Excerpted records Start Marker

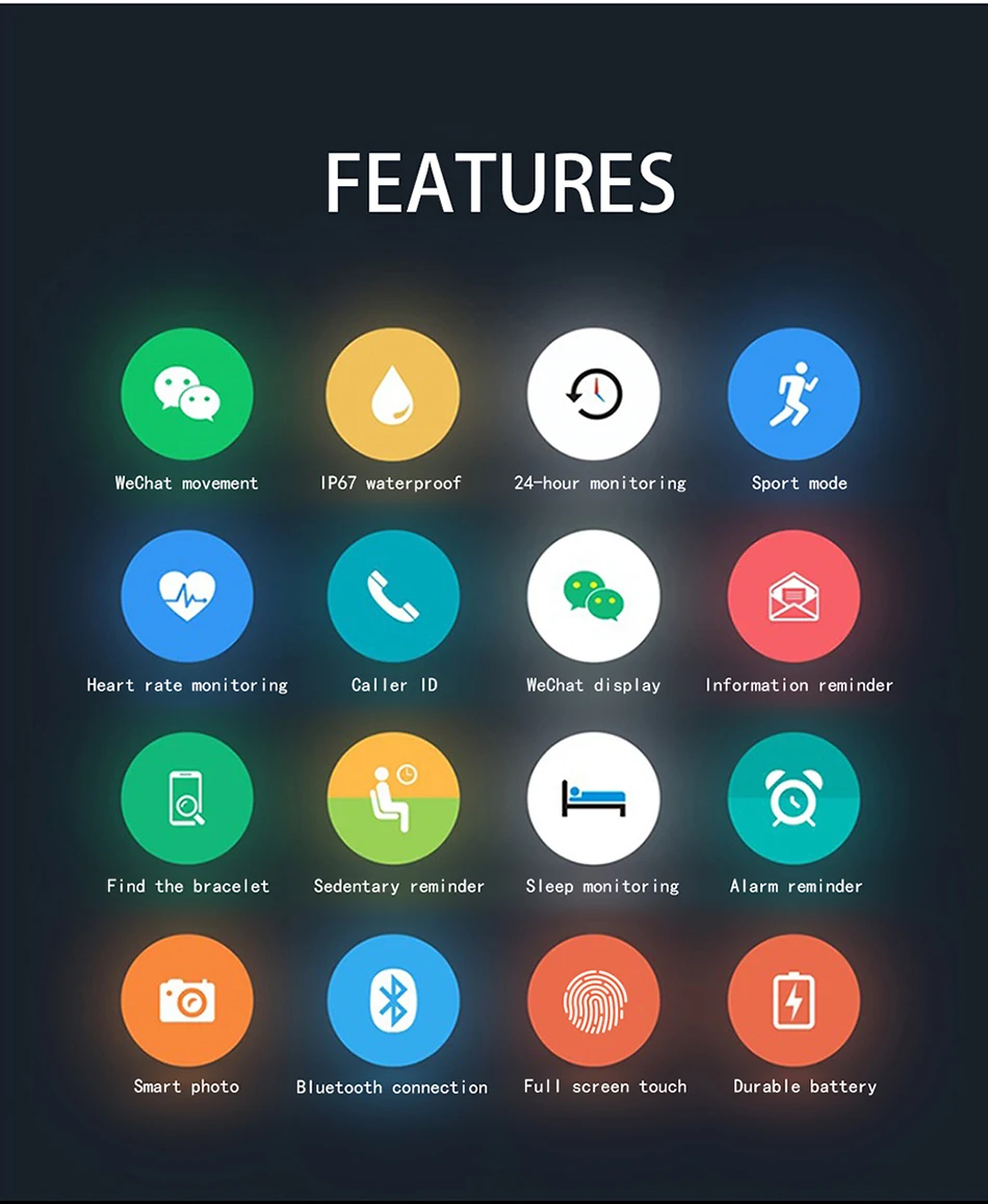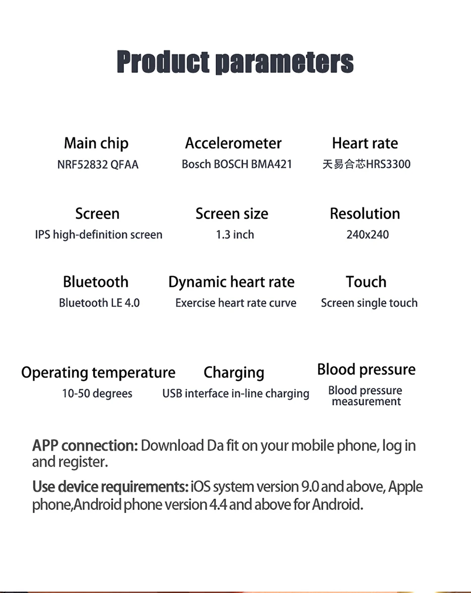 Требования: Android 4,4/iOS 9,0, выше Шагомер: пройденное расстояние, сжигаемые калории Монитор сна: обеспечивает время сна и качество сна Артериальное давление: определение кровяного давления Динамическая частота сердечных сокращений: пульсометр в процессе занятий спортом SpO2: обнаружение SpO2 Отслеживание цели: вибрирует и мигает, чтобы отметить Сигнализация: 3 будильника Звонок отклонен: Нажмите и удерживайте браслет, чтобы повесить телефон Тренировка: ходьба, бег, езда на велосипеде, скакалка, бадминтон, баскетбол, футбол, плавание Напоминание: имя входящего звонка Поддержка уведомлений: Wechat QQ, Facebook, Twitter, WhatsApp, Skype, Instagram и так далее Управление камерой: Поддержка оригинальной камеры iOS, встроенное приложение для Android. Домашние скины: 3 скины на мобильный телефон OTA Upgrad: обновление прошивки через приложение Языки: Прошивка: английский, китайский, корейский, испанский, японский, французский, немецкий, русский, Арабская, Украинская Приложение: английский, китайский простой, китайский традиционный, английский, немецкий, испанский, японский, французский, итальянский, русский, Арабская, португальский, Украинская MCU: NRF52832 QFAA Датчик ускорения: BOSCH Дисплей: экран Размер: 1,3 дюйма Разрешение: 240x240 Интерактивный режим: сенсорный экран Bluetooth:Bluetooth LE 4,0
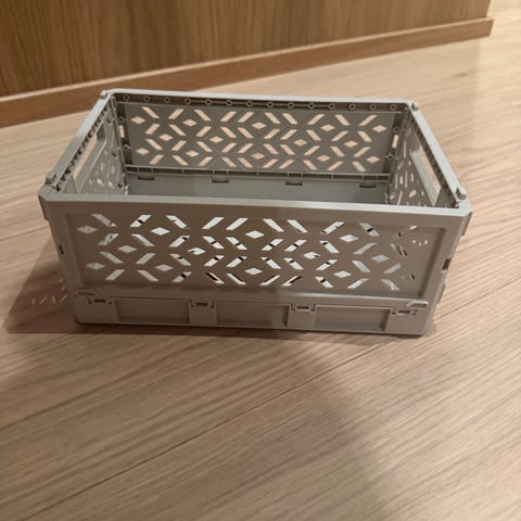 Selling a practical storage lot with foldable plastic crates and one transparent storage box with lid.
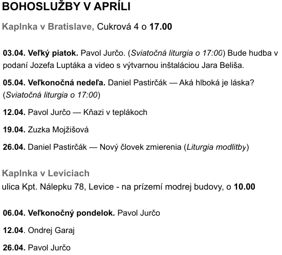Novinky z Kaplnky na apríl 2026 nájdete tu: Novinky z Kaplnky
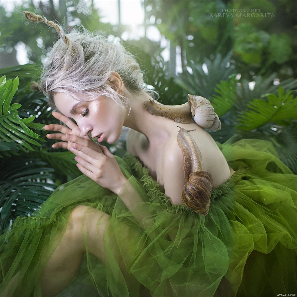 blonde hair, who appears to be sitting in a lush environment that could be a jungle or a greenhouse. She is wearing an outfit that seems to incorporate elements of nature, such as plants, and she has snail shells adorning her shoulder, giving the impression that she might have a close
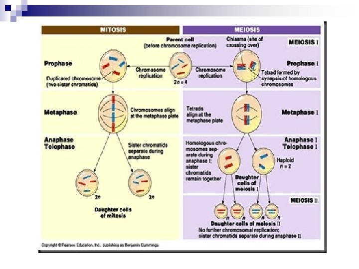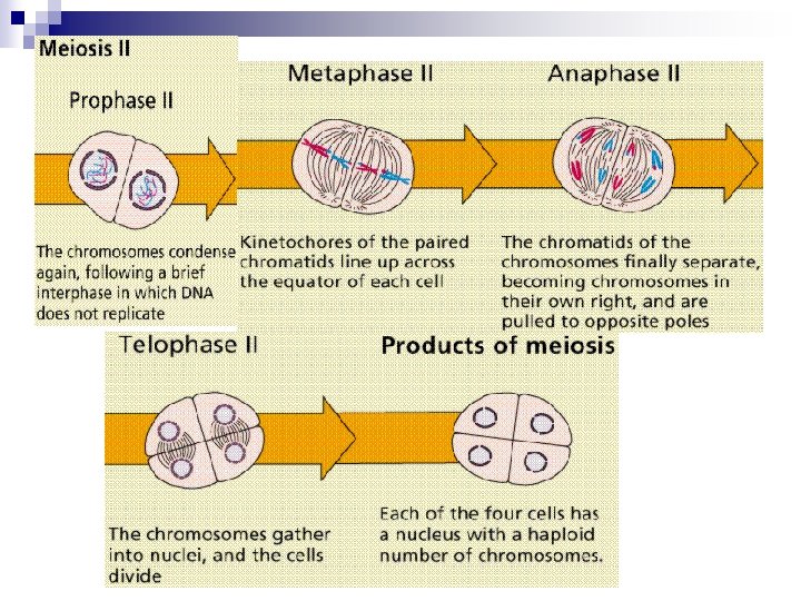 n n n Baik pada pembelahan meiosis I dan II, terjadi fase pembelahan seperti pada mitosis. Oleh karena itu dikenal adanya profase I, metafase I, anafase I , telofase I, profase II, metafase II, anafase II, dan telofase II. Akibat adanya dua kali proses pembelahan sel, maka pada meiosis, satu sel induk akan menghasilkan empat sel baru, dengan masing sel mengandung jumlah kromosom setengah dari jumlah kromosom sel induk.

Excerpted records End Marker

• _Work request_
Please return the lines above exactly, with the pictures omitted.

• _Result of this exercise_
 Требования: Android 4,4/iOS 9,0, выше Шагомер: пройденное расстояние, сжигаемые калории Монитор сна: обеспечивает время сна и качество сна Артериальное давление: определение кровяного давления Динамическая частота сердечных сокращений: пульсометр в процессе занятий спортом SpO2: обнаружение SpO2 Отслеживание цели: вибрирует и мигает, чтобы отметить Сигнализация: 3 будильника Звонок отклонен: Нажмите и удерживайте браслет, чтобы повесить телефон Тренировка: ходьба, бег, езда на велосипеде, скакалка, бадминтон, баскетбол, футбол, плавание Напоминание: имя входящего звонка Поддержка уведомлений: Wechat QQ, Facebook, Twitter, WhatsApp, Skype, Instagram и так далее Управление камерой: Поддержка оригинальной камеры iOS, встроенное приложение для Android. Домашние скины: 3 скины на мобильный телефон OTA Upgrad: обновление прошивки через приложение Языки: Прошивка: английский, китайский, корейский, испанский, японский, французский, немецкий, русский, Арабская, Украинская Приложение: английский, китайский простой, китайский традиционный, английский, немецкий, испанский, японский, французский, итальянский, русский, Арабская, португальский, Украинская MCU: NRF52832 QFAA Датчик ускорения: BOSCH Дисплей: экран Размер: 1,3 дюйма Разрешение: 240x240 Интерактивный режим: сенсорный экран Bluetooth:Bluetooth LE 4,0
 Selling a practical storage lot with foldable plastic crates and one transparent storage box with lid.
Novinky z Kaplnky na apríl 2026 nájdete tu: Novinky z Kaplnky
 blonde hair, who appears to be sitting in a lush environment that could be a jungle or a greenhouse. She is wearing an outfit that seems to incorporate elements of nature, such as plants, and she has snail shells adorning her shoulder, giving the impression that she might have a close
 n n n Baik pada pembelahan meiosis I dan II, terjadi fase pembelahan seperti pada mitosis. Oleh karena itu dikenal adanya profase I, metafase I, anafase I , telofase I, profase II, metafase II, anafase II, dan telofase II. Akibat adanya dua kali proses pembelahan sel, maka pada meiosis, satu sel induk akan menghasilkan empat sel baru, dengan masing sel mengandung jumlah kromosom setengah dari jumlah kromosom sel induk.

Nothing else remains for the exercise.